This angered the Israelis, and President Morsi's spokesman Yasser Ali
quickly responded that the president's advisers are expressing their
personal opinions and Egypt's position of upholding the peace treaty has
not changed.
These contradictory statements in top political circles are the result of
contradictions on the ground in Egypt that need to be addressed with
determined seriousness, so we can decide our agenda of discussions about
Egypt's national priorities. Today, we want to develop Sinai from corner to
corner and for this reason and others we must secure it from corner to
corner, whether from a variety of terrorist groups or an attack by Israel.
Achieving these goals is not possible without revising the security
protocols of the peace treaty to allow Egyptian troops to enter with
necessary forces to end the current threat. The problem here is that Israel,
and perhaps even the US, must first agree to these revisions. Thus far, they
have done so on a temporary basis because of current conditions.
This is perhaps the first serious national security issue that President Morsi
has to deal with and should rely on his well-known trait of prudence. This
position cannot be subject to revolutionary bartering or party manouevring.

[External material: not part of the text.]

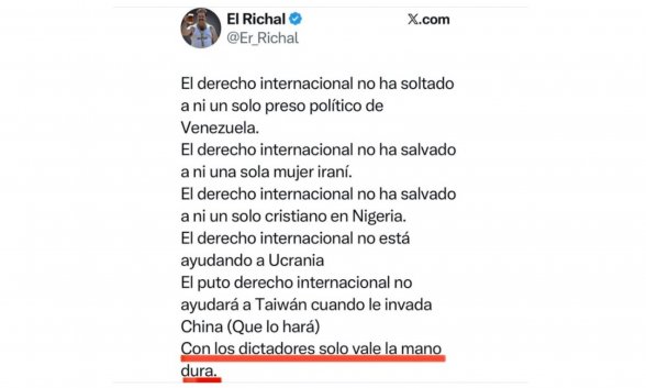 Decíamos ayer que el derecho internacional, el orden multilateral, un mundo regido por leyes y otros tópicos, gente, según sus promotores, desde el final de la II Guerra Mundial (1945), y un lugar, un mundo regido por ley y orden y otras solemnísimas evidencias no han conseguido que, por ejemplo, el chavismo haya dejado de torturar y asesinar a los venezolanos que se oponían a él. Y lo mismo, o más, pueden decirse de Irán, sólo que más porque la tiranía persa dura más que la venezolana.

Perhaps the president should form a group of national security and foreign
policy officials to manage the issue and negotiate with foreign parties
responsible for implementing the security protocols. One other matter
remains, which the president himself raised, which is the relationship
between the peace treaty and the Palestinian cause which is an integral part
of the Camp David agreement that is linked to Egypt's peace with Israel
and guarantees the Palestinian people are given their legitimate rights.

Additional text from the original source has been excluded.